The mechanics of the car remained much the same with 1.1 and 1.4 petrol engines and Hydragas suspension, but there was now the option of a Peugeot-sourced 1.5 diesel rather than the previous 1.4. The exterior was altered in an attempt to disguise the car's age, meet the increased cooling requirements of the Peugeot motor and offer a reduced-format Rover family grille. This was achieved through fitment of new front and rear bumpers, sill covers, rear boot handle and headlamps, bonnet and grille.
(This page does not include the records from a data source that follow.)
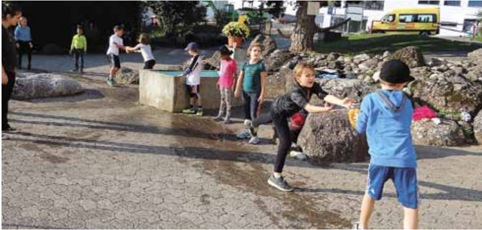
Schnell, gib den Schwamm weiter!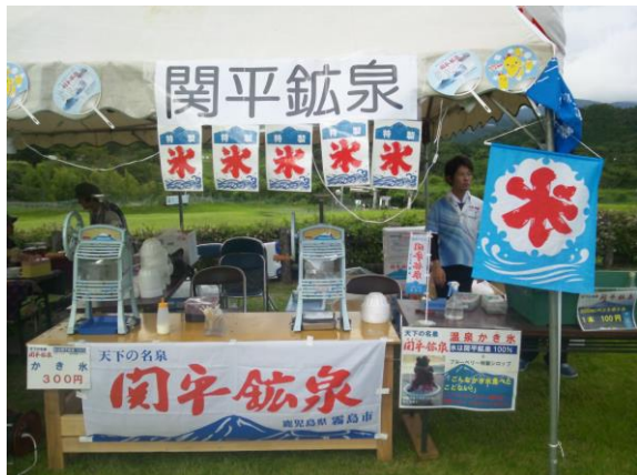
▲ こんな感じで販売しました！

「天孫降臨霧島祭」と「第4回霧島音泉♪の祭典」で今年も温泉かき氷を販売！！関平で作った氷と地元産のブルーベリーの果実の甘さが大好評でした。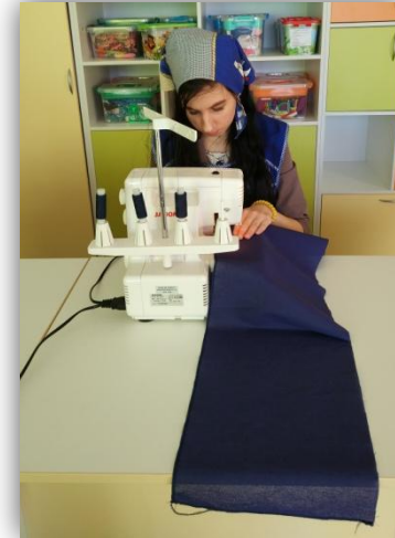
2. обработка нижнего среза волана оверлоком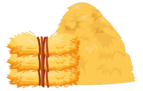
ฟางข้าวที่เหลือใช้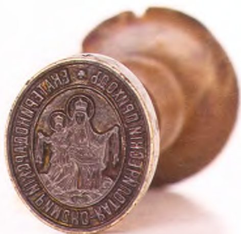
Матрица печати Екатеринодарского римско-католического прихода.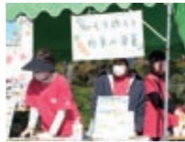
志津ふれあい広場の啓発ブース

～令和2年に発刊された「ふるさと志津の原風景」より毎回1枚の写真を取り上げて現在までの変化を振り返ります～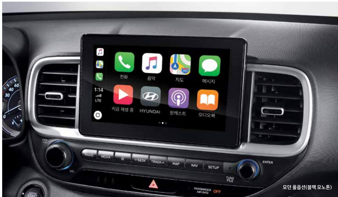
모던 풀옵션(블랙 모노톤)

8인치 내비게이션 8인치 심리스 디스플레이로 미래지향적 이미지와 시각적인 안정감을 전달합니다. 스마트폰의 주요 기능을 조작하고 디스플레이에 표시하는 폰 프로젝트, 음성인식 차량 제어 등 최신 테크놀로지가 적용된 VENUE의 인포테인먼트 시스템은 새롭고 즐거운 경험을 제공합니다. 또한 내비게이션을 무선으로 업데이트하여 차량을 항상 최신 상태로 유지할 수 있습니다.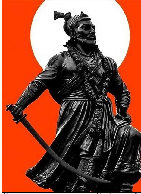
विजय झाला. महाराज युद्धात ७ किलो वजनाची तलवार घेऊन लढायचे. त्यांचे वडील छ.शिवाजी महाराज यांचे सन १६८१ मध्ये निधन झाले. त्यानंतर त्यांनी कधीही मागे वळून पाहिले नाही आणि सर्वात

संभाजी महाराजांनी वयाच्या १६व्या वर्षी आयुष्यातील पहिले युद्ध लढले. त्यात महाराजांचा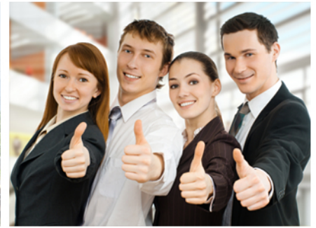
Livraison avril 2018 Delivery April 2018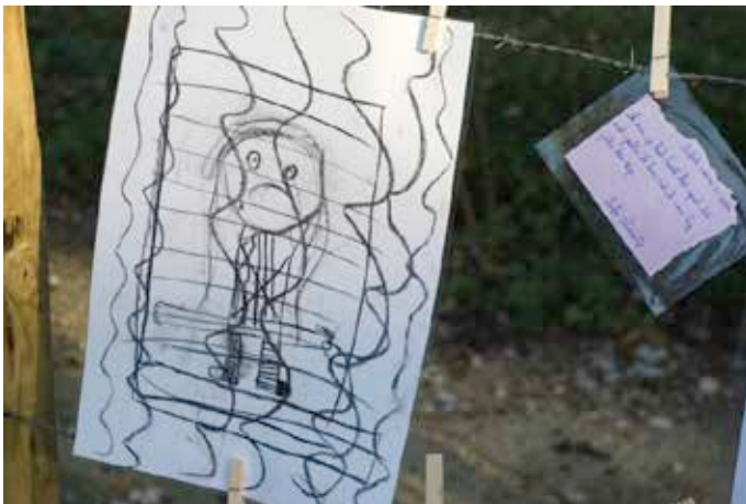
Zelzate: kindertekeningen opgehangen aan de reconstructie van de Dodendraad.

Er waren tal van randactiviteiten georganiseerd, zoals smokkelspelen en reenactments met Duitse en Nederlandse grenswachten in oude uniformen.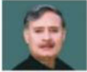
Shri Rao Inderjit Singh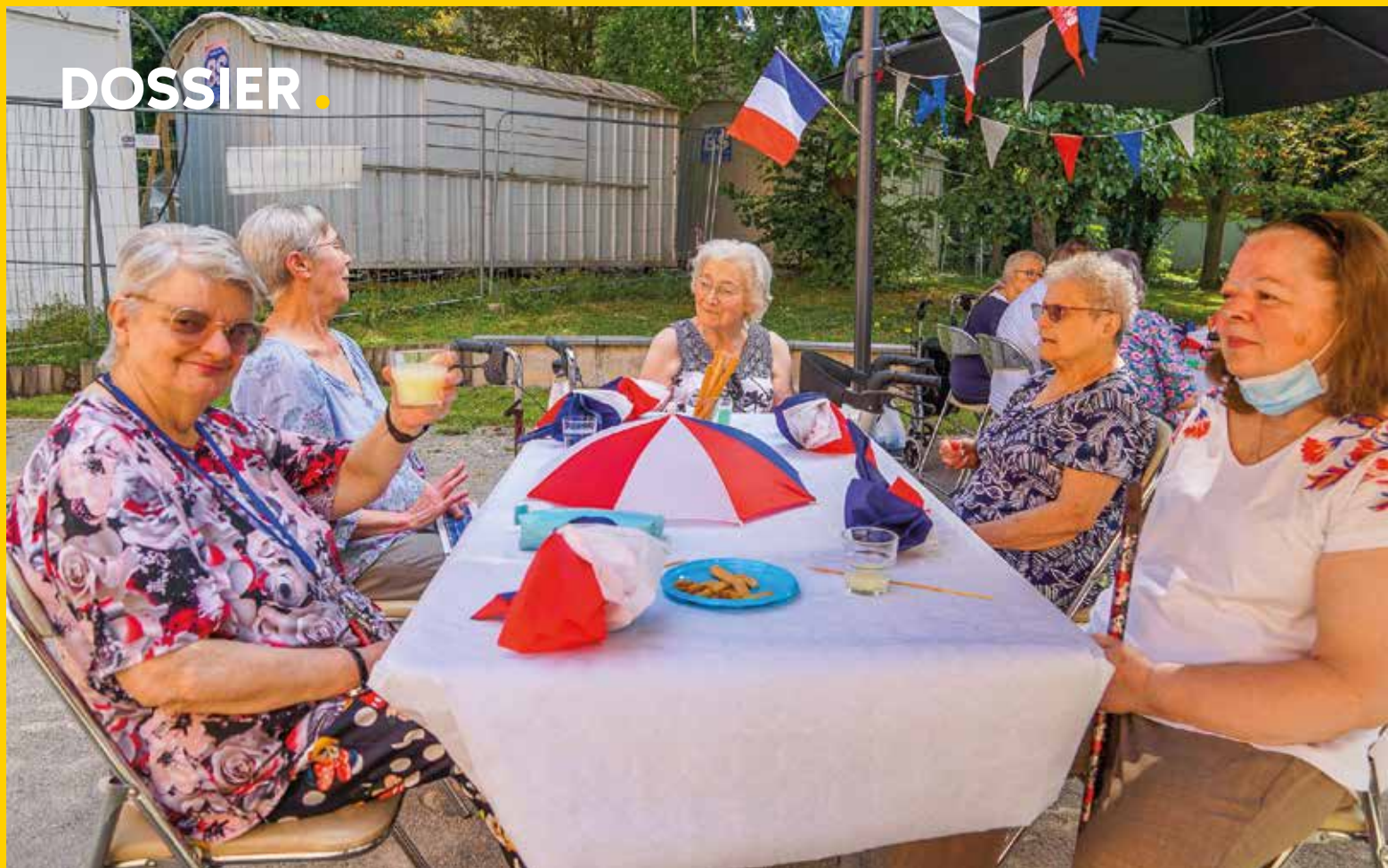
Le 13 juillet, les résidents de Sacleux ont partagé un apéritif républicain.

A variety of bolder paint colours and the use of chrome trim helped give a more upmarket appearance. The interior trim was revised to give a greater impression of quality and luxury, but since the basic architecture had remained unchanged since the original 1980 car it was considered by many as being short on space and outdated in comparison to its most modern rivals (most of which had been replaced with all-new models since the launch of the Rover Metro, and in the cases of the Ford Fiesta and Vauxhall Nova/Corsa, replaced with all-new models twice) It was criticised by the press for its lack of equipment, with front electric windows only available on the range-topping 114 GSi. Rear electric windows were never an option on the 100. Neither were Anti-Lock Brakes, Power Steering or a rev-counter (except the GTa and later manual 114 GSi models) One saving grace for the 100 was the option of full leather trim, a rarity in a small car and coupled with the standard wood veneer dashboard inserts, a tinted glass sunroof and the optional wood veneer door cappings, the 114 GSi made for traditional luxury motoring; an image Rover was trying to retain. The only safety efforts came in the form of an optional drivers airbag, an alarm, a passive engine immobiliser, a removable radio keypad, central locking and side intrusion beams. Overall, the 100 series was considered a rather typical facelift of a car which had been a class leader on launch some years earlier, only to be overtaken by newer cars including the Renault Clio, Fiat Punto and Volkswagen Polo. It was launched only a year before a heavily revised Ford Fiesta.

Rover 114 GTa
A 'warm' version of the 100 called the 114 GTa was available from launch. The main differences over the 114 SLi three-door – which has the same engine – were sports seats, red seatbelts, a rev-counter, sports suspension, a slightly higher top speed, faster acceleration, GSi alloy wheels and GTa badging. It was only available as a three-door.

End of the line

In 1997, the Rover 100 gave a poor performance in Euro NCAP crash tests (despite the improved safety features, including side impact bars in the doors and an optional driver's airbag, the 1970s design was showing its age) – it was at the time the only car tested to receive a one-star Adult Occupant Rating. Other small cars tested at the same time received 2 or 3 stars out of five. The passenger compartment was subjected to severe structural damage in the frontal-offset test and results showed a high risk of injury to all body regions for the driver. Meanwhile, the side impact test also showed high injury risks.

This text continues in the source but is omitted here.